Katharine Lotze/Getty Images

For the second consecutive year, WNBA free agency was a dizzying frenzy with a lot of high-profile player movement. 

The Sky were easily one of the biggest winners after signing future Hall of Famer Candace Parker to a multiyear deal. The move transforms the Sky from being an above-average team to one of the top contenders in the league.

Another team that made a big improvement was the Aces, who signed elite playmaker Chelsea Gray.
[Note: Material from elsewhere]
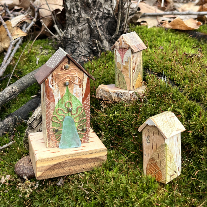 My little houses and neighborhoods are created from an eclectic mix of natural materials, hand-crafted embellishments, and found items. Each is small enough to fit in the palm of your hand.

And the Sparks avoided taking a big step backward by re-signing six-time All-Star Nneka Ogwumike. 

With free agency starting to cool off, here are three observations on the Sky’s offseason as teams shift their attention to the draft next month: 

1. One Parker comes as another goes

In the biggest free-agency move in franchise history, the Sky signed Candace Parker to a two-year, $385,000 deal last month. 

Coming off two consecutive postseason appearances, the Sky were in desperate need of an MVP-caliber player to take them to the next level. Parker makes the Sky early WNBA Finals favorites. 

Parker joins a loaded lineup that also features All-Stars Allie Quigley, Courtney Vandersloot and Diamond DeShields. She also can serve as a mentor to some of the team’s budding young players, including Azura Stevens, Gabby Williams and Kahleah Copper. 

Parker, who’s from Naperville, could end up playing her final seasons for her hometown team. Winning a championship in Chicago would be a storybook ending to her illustrious career.

But the acquisition of Parker came at the expense of a player with the same surname. Cheyenne Parker intended to return to the Sky for her seventh WNBA season, but the signing of Candace Parker left little salary-cap room for that to happen. 

Ultimately, Cheyenne Parker signed a three-year deal with the Dream, starting at $185,000. Parker, whose natural ability to connect with fans made her a favorite, will miss her teammates and the city she has adopted as her second home, but she’s excited about her new beginning in Atlanta.

2. Stevens’ extension

Coach James Wade said he’s looking forward to a healthy competition among his players this season with the majority of the roster on expiring contracts. 

One player, however, secured her future last month.

Stevens signed a one-year contract extension, joining Candace Parker, 2020 first-round pick Ruthy Hebard and international player Marie Conde, who has yet to report to the team, as the only players committed to the Sky for the 2022 season. 

Wade sees Stevens being a key player for the Sky moving forward because of her offensive versatility and defensive toughness. She put together an impressive first half of the season in 2020 before a knee injury sidelined her for the second half. 

It will be worth watching to see whether the Sky move to re-sign other pending restricted free agents, such as Williams. It’s unlikely DeShields, who’s on the last year of her rookie deal, would accept an extension because she could possibly earn more money next offseason based on her performance in 2021, a league source said.

3. Who will back up Vandersloot?

The biggest question remaining for the Sky is, who will back up Vandersloot? The Sky are looking for a playmaking guard and solid defender who would mesh well with Williams on the second unit. 

Last month, the Sky signed former first-round pick Brittany Boyd to a training-camp contract, giving her an opportunity to fill that need. 

Boyd, the ninth overall pick of the 2015 draft, averaged 6.3 points, 3.9 assists and 3.2 rebounds in five seasons with the Liberty, who waived her last April. 

Boyd could be a good backup option for the Sky, although they also might consider using their eighth overall pick to draft a versatile guard, such as Arizona star Aari McDonald.